Был у Воробушкина приятель Щелин Михаил Петрович, вместе учились, замечательный человек… впрочем, может, это не правда, а только такая шла замечательная молва> будто как-то летом за ужином на сон грядущий Щелин в варенце жука проглотил, и, сами понимаете, жука имея во чреве, был будто бы по этой самой причине, как жук, жудлив вечерами и особенно к теплой погоде. Об этом приятеле своем, о Щелине жудливом, в душной тоске своей вдруг вспомнил Павел Герасимович, вспомнил полученное от него письмо, и уцепился, как за свое единственное спасение, и в бессонный подутренний час решил про себя, воспользовавшись отпуском, бросить Дегтярную да в Качаны к Щелину.
"Вот уж месяц, как мы здесь, и так хорошо, что и в войну перестали верить…" - выговаривалось письмо щелинское, заманивая в Качаны, где никогда еще так не цвели поля, как в этом году.
И, решившись ехать, Воробушкин поверил приятелю и не только в цвет полевой, но и в безмятежие жития качановского.
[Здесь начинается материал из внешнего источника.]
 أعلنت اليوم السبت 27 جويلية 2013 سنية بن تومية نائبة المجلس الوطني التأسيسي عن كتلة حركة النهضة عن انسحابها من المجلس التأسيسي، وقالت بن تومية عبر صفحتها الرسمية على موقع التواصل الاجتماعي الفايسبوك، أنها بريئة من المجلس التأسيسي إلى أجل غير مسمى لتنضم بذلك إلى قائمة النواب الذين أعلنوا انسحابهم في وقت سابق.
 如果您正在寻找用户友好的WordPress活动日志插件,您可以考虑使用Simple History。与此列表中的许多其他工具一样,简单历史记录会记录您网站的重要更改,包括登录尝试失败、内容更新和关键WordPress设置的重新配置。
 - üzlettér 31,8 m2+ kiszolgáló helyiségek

"Нашелся-таки уголок, - думал Павел Герасимович, - есть место и среди пожара нашего, где про войну забыли!"
А потом спохватился:
"Да не шутит ли Михаил-то Петрович? Да и в самом деле, есть ли на русской земле хоть один человек, который о войне не помнит, и есть ли такое место на земле, где о войне не слышно, разве что на кладбище?"
И, отчаявшись в сне, под звон железа, досадовал:
"Ишь, куда заманивает!"
Но скоро и передосадовал.
Щелин, кроме того, что жундел, т. е. был невообразимо говорлив, Щелин еще и чудил: ведь это он построил у себя, в качановском саду, капкан вроде такой калитки вертящейся - как попадешь, а попадешь непременно, потому что уж очень у заманчивого места в уединении воздвигнута была эта самая калитка, и уж сколько ни бейся, а без посторонней помощи, а стало быть, и огласки, нипочем не выскочишь! Конечно, чудак, и обижаться, досадовать - просто грешно.
И, передосадовав, на краткий час забылся Павел Герасимович, и снилось ему, будто сидит он с Щелиным в Качанах - с Михаилом Петровичем и Марьей Сергеевной и едят раков: у него две раковые шейки в руках, а Щелины рачьи ножки сосут. И отдал он свои раковые шейки по шейке каждому - одну Михаилу Петровичу, другую Марье Сергеевне, и остался у него рыбий хвост, и вдруг пришла прачка и принесла узел с грязным бельем обратно.
С тем и проснулся.
На следующий день Воробушкин, за день окончательно решившись покинуть свою Дегтярную, взял билет и стал понемногу укладываться. Еще через день дал телеграмму в Качаны. А в субботу вечером, Господи благослови, пустился в путь.
Неужто ж через какие сутки - и это правда! - попадет он в такое место, на такую землю земли русской, - где так хорошо, что и в войну перестали верить?